Recently, I had the opportunity to visit the Silicon Valley HQ of a prospective customer, a Fortune 500 enterprise technology conglomerate with a name most people would recognize. They had expressed an interest in adopting the Scope AR platform, and we walked into the meeting assuming that would be the main topic of conversation.

Most of the people at the meeting, however, weren’t the usual folks who make software buying decisions. Instead, I found myself sitting across from a group of the company’s own software engineers. For the next two hours, they asked detailed questions about how Scope AR had solved some of our toughest technical problems.

I knew right away what they were up to: They wanted to build their own AR solution from the ground up. The real purpose of the meeting, it turned out, was to pick my brain for the technical know-how they needed to do the job.

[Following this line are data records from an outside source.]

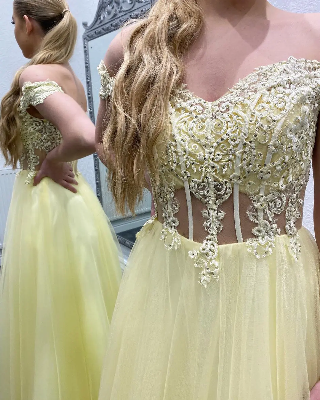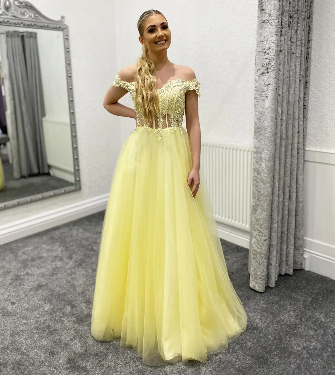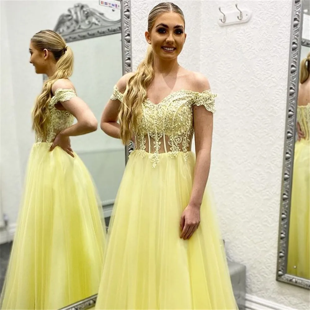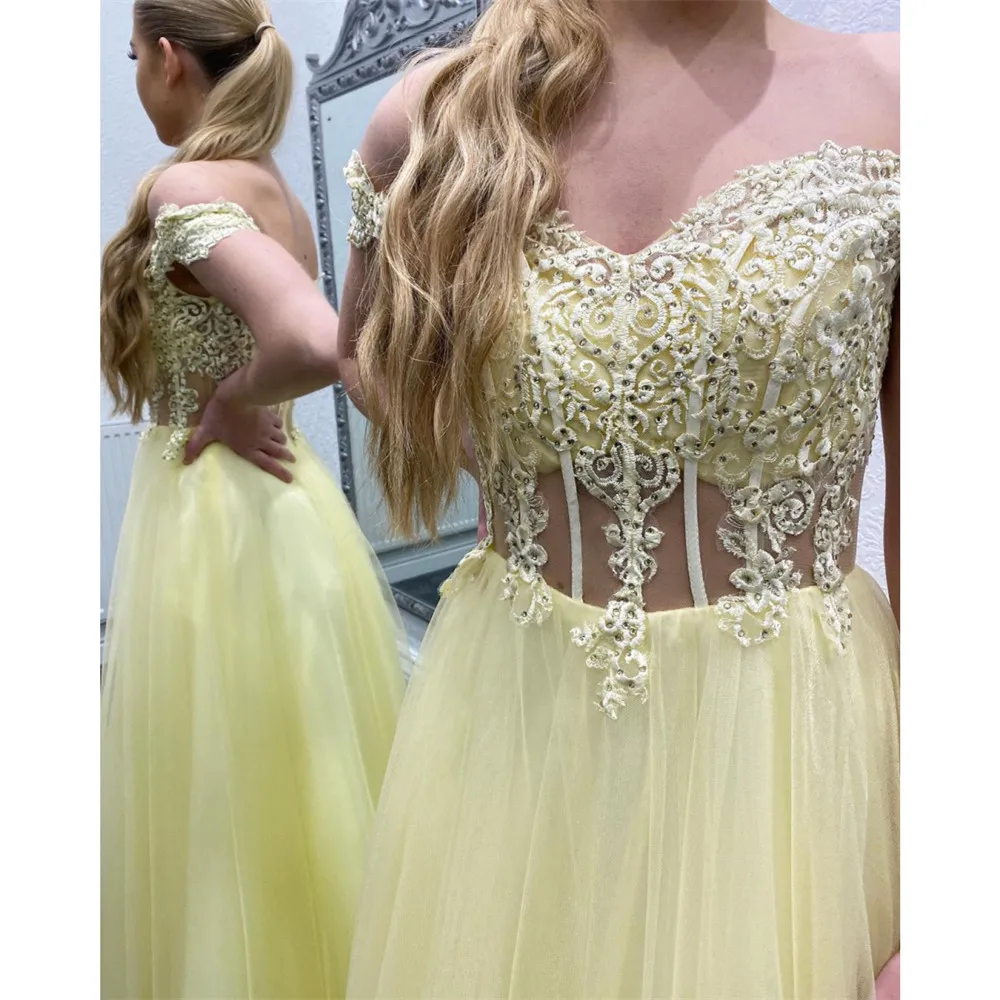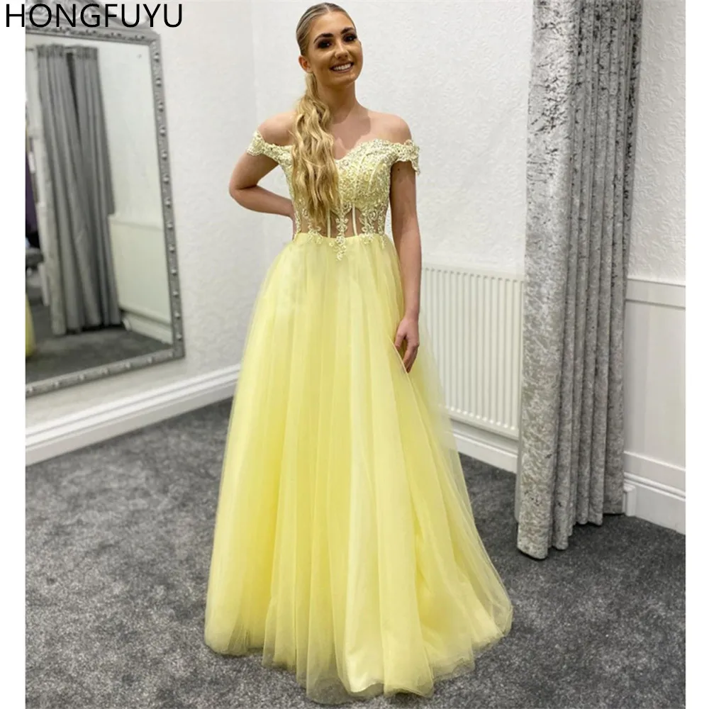 Желтое шифоновое вечернее платье HONGFUYU, с открытыми плечами, для выпускного вечера, с длинными аппликациями, со стразами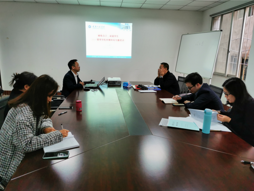 2020年10月16日,3313会议室,管理学院党总支书记刘达斌为新教师开展题为“修炼自己,成就学生”师德师风专题培训。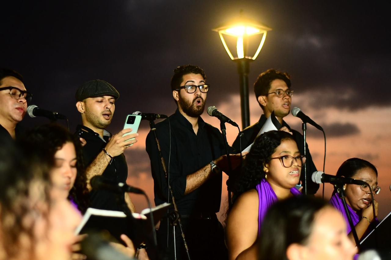 En una velada cargada de emoción y belleza natural, la Fundación Artística y Cultural Un Mar de Voces, junto al Coro Alberto Carbonell, llevó a cabo esta puesta en escena, que este año exploró los sonidos del gospel y los negros spirituals, conectando al público con expresiones musicales profundamente ligadas a la fe y la memoria.
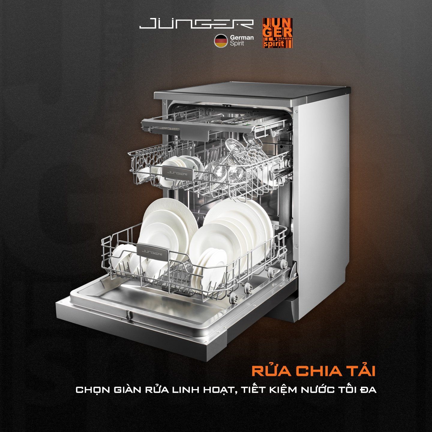 - Máy rửa bát Junger DWJ-600 sở hữu độ bền vượt trội, hệ thống đa chức năng hiện đại với công suất lớn, khả năng làm sạch nhanh, hiệu quả và tiết kiệm năng lượng tối đa.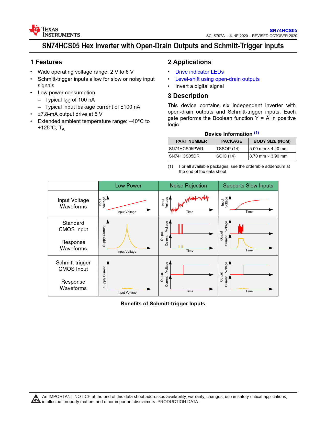 SN74HCS05. www.ti.com. SN74HCS05 Hex Inverter with Open-Drain Outputs and Schmitt-Trigger Inputs. 1 Features. 2 Applications

I could have walked out then and there, but I didn’t. I sat through the interrogation, and I actually answered most of their questions. 

Build your own: The alluring illusion of AR development

This might seem crazy: CEOs don’t earn their keep wandering the globe, spilling trade secrets to anyone who asks. But I’ve seen this before, and I know how this story ends. Sooner or later, I had a feeling we would reconnect—and this time, they would understand why so many enterprises choose to work with Scope AR rather than trying to build their own AR applications.

I also get why so many companies have to learn this lesson the hard way. Our team at Scope AR started down the same path, for many of the same reasons, a decade ago. We know why a DIY approach looks so alluring at first, and we also know why it’s easy to pour resources into what looks like a winning investment.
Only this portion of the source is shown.